The ‘dramatis personæ,’ as he, true to the romantic and mystical practice of the pre-Raphaelites and Symbolists, entitles the list of his characters, are as follows: Hjalmar, King of one part of Holland; Marcellus, King of another part of Holland; Prince Hjalmar, son of King Hjalmar; little Allan, son of Queen Anne; Angus, friend to Prince Hjalmar; Stephano and Vanox, officers of Marcellus; Anne, Queen of Jütland; Godeliva, wife of King Marcellus; Princess Maleine, daughter of Marcellus and Godeliva; Maleine’s nurse; Princess Uglyane, daughter of Queen Anne. With them come all the old well-known jointed dolls and puppets out of the dustiest corners of the old lumber-rooms of romance—a fool, three poor people, two old peasants, courtiers, pilgrims, a cripple, beggars, vagabonds, an old woman, seven (the mystic number!) nuns, etc.
The names which Maeterlinck gives to his figures should be noted. As a Fleming, he knows very well that Hjalmar is not Dutch, but Scandinavian; that Angus is Scotch. But he makes this confusion intentionally, in order to obliterate the distinct outlines with which he appears to surround his figures, when he calls them ‘Kings of Holland’; in order again to detach them from the firm ground on which he pretends to place them and to suppress their co-ordinates, which assign them a place in space and time. They may wear clothes, have names and take a human rank, but all the while they are only shadows and clouds.
King Hjalmar comes with Prince Hjalmar to the castle of Marcellus in order to ask for the hand of the Princess Maleine. The two young people see each other for the first time, and only for a few minutes, but they instantly fall in love with each other. At the banquet in honour of the King a quarrel breaks out, about which we learn no particulars; King Hjalmar is seriously offended, swears revenge, and leaves the castle in a rage. In the interlude Hjalmar wages war against Marcellus, kills him and his wife, Godeliva, and at once razes his castle and town to the ground. Princess Maleine and her nurse were on this occasion—how, why and by whom is not explained—immured in a vaulted room in a tower; then the nurse, after three days’ work with her finger-nails, loosens a stone in the wall, and the two women obtain their liberty.
Since Maleine loves Hjalmar and cannot forget him, they make their way towards his father’s castle. Things are going very badly in Hjalmar’s castle.

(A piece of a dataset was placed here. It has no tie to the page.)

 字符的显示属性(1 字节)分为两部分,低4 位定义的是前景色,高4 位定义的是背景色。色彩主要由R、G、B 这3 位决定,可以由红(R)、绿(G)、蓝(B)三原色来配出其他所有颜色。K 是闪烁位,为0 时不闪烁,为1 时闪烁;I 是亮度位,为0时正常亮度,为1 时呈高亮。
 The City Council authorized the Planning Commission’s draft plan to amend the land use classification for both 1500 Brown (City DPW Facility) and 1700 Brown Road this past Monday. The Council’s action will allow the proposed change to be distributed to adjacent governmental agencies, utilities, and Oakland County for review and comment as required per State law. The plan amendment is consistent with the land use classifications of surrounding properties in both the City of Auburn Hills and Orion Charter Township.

There Queen Anne of Jütland resides, who has been driven away by her subjects, and with her grown-up daughter Uglyane and her little son Allan (here also the Dane is systematically given a Scottish name), has found hospitality with King Hjalmar. Queen Anne has turned the head of the old man. She has become his mistress, rules him completely, and makes him ill in body and soul. She wishes that his son should marry her daughter. Hjalmar is in despair about his father’s collapse. He detests his morganatic step-mother, and shudders at the thought of a marriage with Uglyane. He believes Maleine to have been slain with her parents in the war, but he cannot yet forget her.

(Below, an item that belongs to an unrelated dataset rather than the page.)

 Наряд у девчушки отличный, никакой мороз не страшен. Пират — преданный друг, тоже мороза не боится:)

Maleine has in the meantime been wandering with her nurse through a kind of enchanted forest, and through an incomprehensible village, where she has uncanny meetings with all sorts of people, beggars, vagabonds, peasants, old women, etc., interchanging odd talk, and reaches Hjalmar’s castle, where no one knows her. She is, however, in spite of this, at once appointed as lady-in-waiting to the Princess Uglyane.

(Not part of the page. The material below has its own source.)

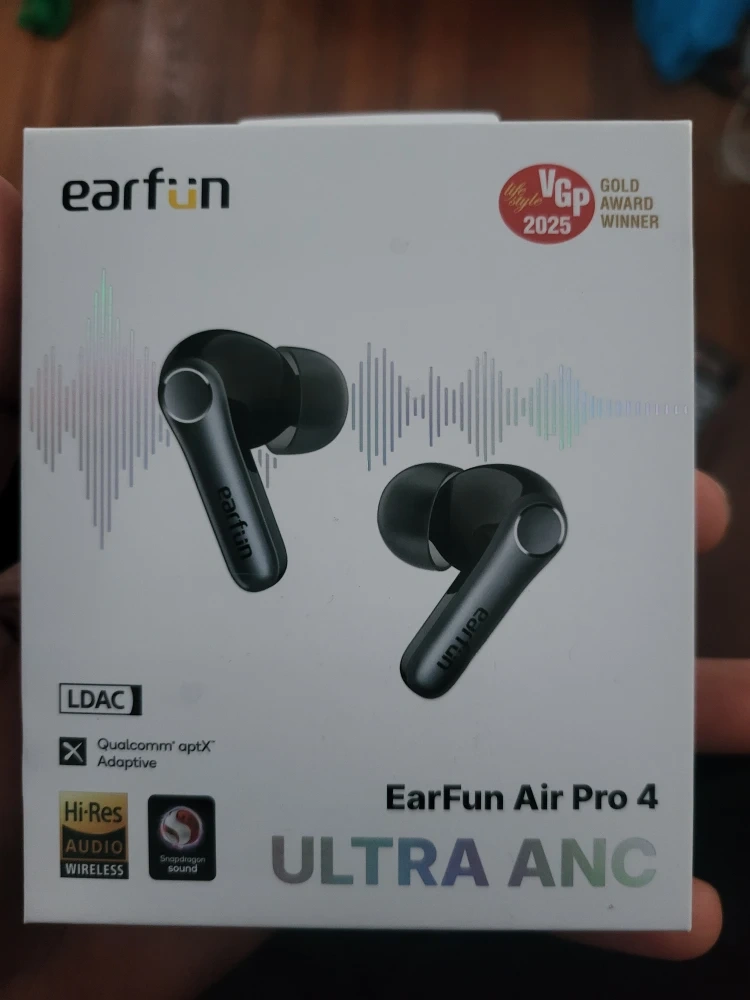 Awesome EarFun Air Pro 4 Ultra ANC earbuds. has LDAC and Qualcomm aptX Adaptive audio. Hi-Res Audio Wireless and Snapdragon Sound too. comes with original box. earbuds and charging case are black and look super clean.
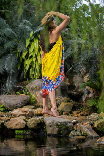 Crafted from high-quality lustrous satin silk, this batik pareo is elegant and relaxed. It features an eye-catching line and tropical floral batik motif, perfectly handcrafted by our trusted local artisans. Style it with whatever you like. Transcend trends and invest in the best for you and your wardrobe.

One evening Prince Hjalmar decides to make advances to Uglyane, and with that object he gives her a nocturnal rendezvous in the park of the castle, not a secret, but, so to speak, an official, lovers’ tryst, to which he, with his father’s consent, and she, with her mother’s, is to go. Maleine hinders it by telling Uglyane, who is splendidly attiring and adorning herself, that Prince Hjalmar has gone into the forest and will not come. She then goes herself into the park, and makes herself known to Hjalmar, who arrives punctually. He leads her in great delight to his father, who receives her as his future daughter-in-law, and there is no further talk of his betrothal to Uglyane. Queen Anne determines to get rid of the intruder. She behaves at first in a friendly manner, assigns her a beautiful room in the castle, then in the night she forces the King, who for a long time resists her, to penetrate into Maleine’s room, where she puts a cord round the Princess’s neck and strangles her. Signs and wonders accompany the deed: a tempest forces open a window, a comet appears, a wing of the castle falls in ruins, a forest bursts into flames, swans fall wounded out of the air, etc., etc.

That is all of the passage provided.